Prototype Based Inheritance(1)
A feature of object-oriented programming in which classes are not present and inheritance is performed via a process of cloning(3) existing objects that serve as prototypes . Delegation(2) is the language feature that supports prototype-based programming.
A simple example of Prototype Based Inheritance could be depicted as
.
(For the sake of an example, do not assume any of the military categories mentioned to be a class. They are all objects. For example we will not create an object for Green Berets. Rather Green Berets is itself an object. This has been done to avoid the use of common names for a soldier and then assigning his type to be a private or a green beret or a navy seal, etc)
This example shows soldiers belonging to different divisions as different objects. This sort of a relation can be better be represented as a prototype based inheritance than as a class-based one. If the relation used was the classical approach, then a separate class "soldier" would have to be defined as the base class from which the rest of the classes such as delta, green berets and navy seals would have to be defined as children classes. Also these would have been the children classes from which the object itself(probably a real soldier) would have to be instantiated. There is no reason to do so in this case as, each of these, intuitively suit more as an object(real life) than as a passive conceptual class. Besides, the classical approach would bring about a hierarchy among the objects when none exists.
Classical Inheritance v/s Prototype based inheritance
Object Creation(1)
While in the case of the classical approach, objects need to be instantiated after defining the format of the class, in case of prototype based, a new object can be instantiated by simply creating a copy of/cloning an existing object.
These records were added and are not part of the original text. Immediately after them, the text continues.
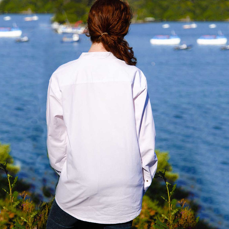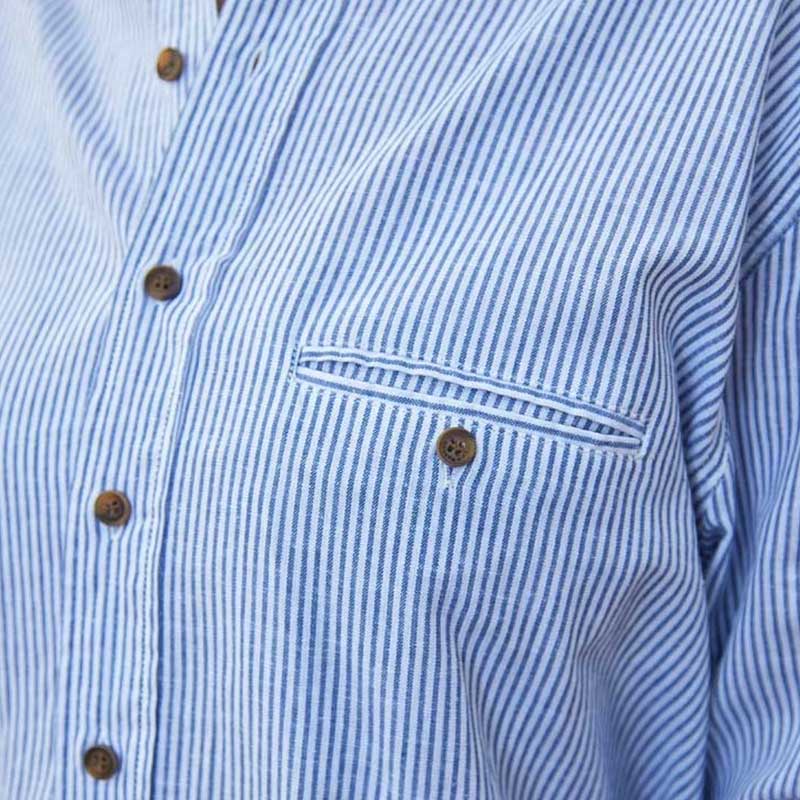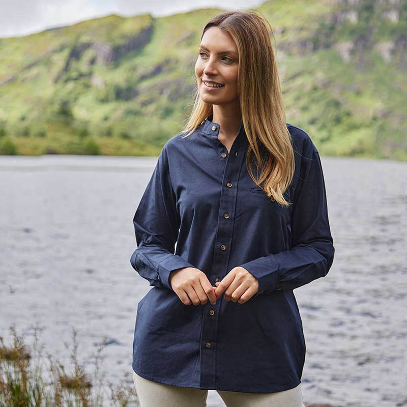 Celebrate Irish heritage with our Ladies Grandfather Style Shirt in Linen. It’sinspired by the traditional grandad shirt worn by farmers and tradesmen throughout Ireland's for centuries. Originating in rural Ireland, this iconic shirt became a wardrobe essential for its practical design and comfortable fit, embodying a blend of functionality and understated elegance.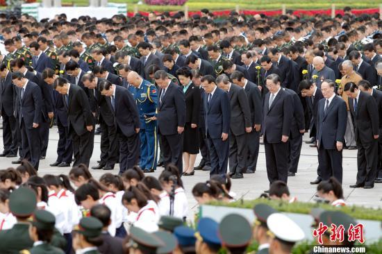 9月30日是中国设立的首个烈士纪念日。上午,习近平、李克强、张德江、俞正声、刘云山、王岐山、张高丽等领导人来到北京天安门广场,与首都各界代表一起,出席向人民英雄敬献花篮仪式。中新社发 盛佳鹏 摄
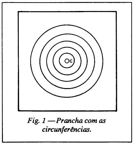 1 - Com uma prancha de madeira, medindo no mínimo 700 x 700 mm, tendo uma face preparada com tinta fosca de preferência na cor azul claro, trace pelo menos cinco circunferências concêntricas, com traço fino, firme e bastante vivo, usando como raio maior 330 mm e com separação de 66 mm para as cinco circunferências concêntricas. (Pode traçar maior número de circunferências se desejar). Escolha um lugar com boa insolação, no intervalo de 8 horas da manhã até 4 horas da tarde. Instale prancha bem fixa e nivelada. No centro desta, no ponto “c” fig. 1, instale um estilete, com o diâmetro máximo de 3 mm. Tomar o cuidado de deixar a prancha bem fixa e rigorosamente nivelada, como também o estilete rigorosamente na vertical.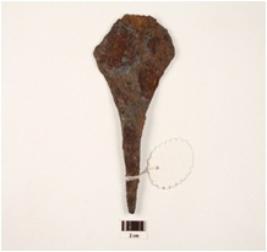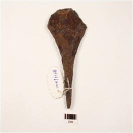 | Description / विवरण | A chisel made on iron sharp and broad edges, pointed on one side rusted surface. |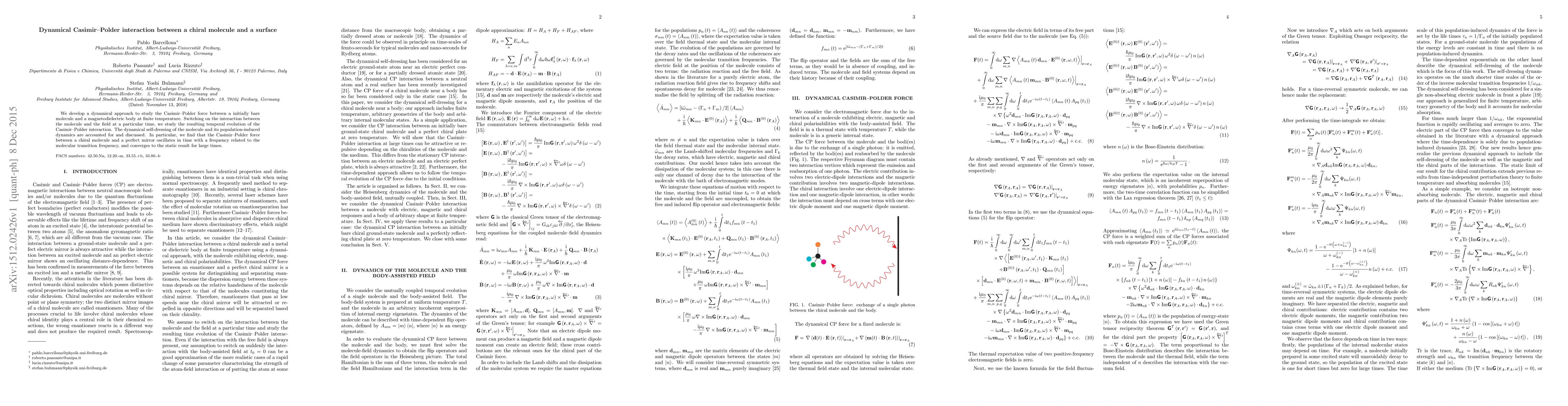 This paper explores the dynamical Casimir-Polder force between a chiral molecule and a magnetodielectric surface at finite temperature, revealing temporal oscillations in the interaction due to the molecule's self-dressing and population dynamics, which eventually converge to the static result over time.

As in
Classical inheritance example class Vehicle { //properties } class Car inherits Land Vehicle { } class trucks inherits inherits Car { } class medium Truck inherits Truck { //properties }
Prototype based inheritance example
class Soldier { //properties } Private = Soldier.new() GreenBeret.prototype = Private GreenBeret.weapon=("H&K") GreenBeret.training=("x months")
Using Preexisting modules(5)
Prototypes are more concrete than classes because they are examples of objects rather than descriptions of format and initialization. These examples may help users to reuse modules by making them easier to understand. A prototype-based system allows the user to examine a typical representative rather than requiring him to make sense out of its description
Support for one-of-a-kind objects(5)
Ruby provides a framework that can easily include one-of-a-kind objects with their own behavior. Since each object has named slots, and slots can hold state or behavior, any object can have unique slots or behavior. Class-based systems are designed for situations where there are many objects with the same behavior. There is no linguistic support for an object to possess its own unique behavior, and it is awkward to create a class that is guaranteed to have only one instance. Ruby suffers from neither of these disadvantages. Any object can be customized with its own behavior. A unique object can hold the unique behavior, and a separate "instance" is not needed.
In the above soldier example, navy seals may be trained in marine combat techniques which makes the navy seal object have its own unique behavior. Similarly a private in the army may be trained to handle tanks, (if he were to be in the cavalry division) which makes it unique for the private(army) object. In a class based approach,if private(marine corps) were to be inherited from private(army) and navy seals inherit from private(marine corps) then it would mean that the navy seal would be trained in tanks too, which is not the case here. However in prototype based inheritance training in tanks can remain unique to the marine corps if it is do desired.
Elimination of meta-regress(4)
No object in a class-based system can be self-sufficient; another object (its class) is needed to express its structure and behavior. On the other hand, in prototype-based systems an object can include its own behavior; no other object is needed to breathe life into it. Prototypes eliminate meta-regress.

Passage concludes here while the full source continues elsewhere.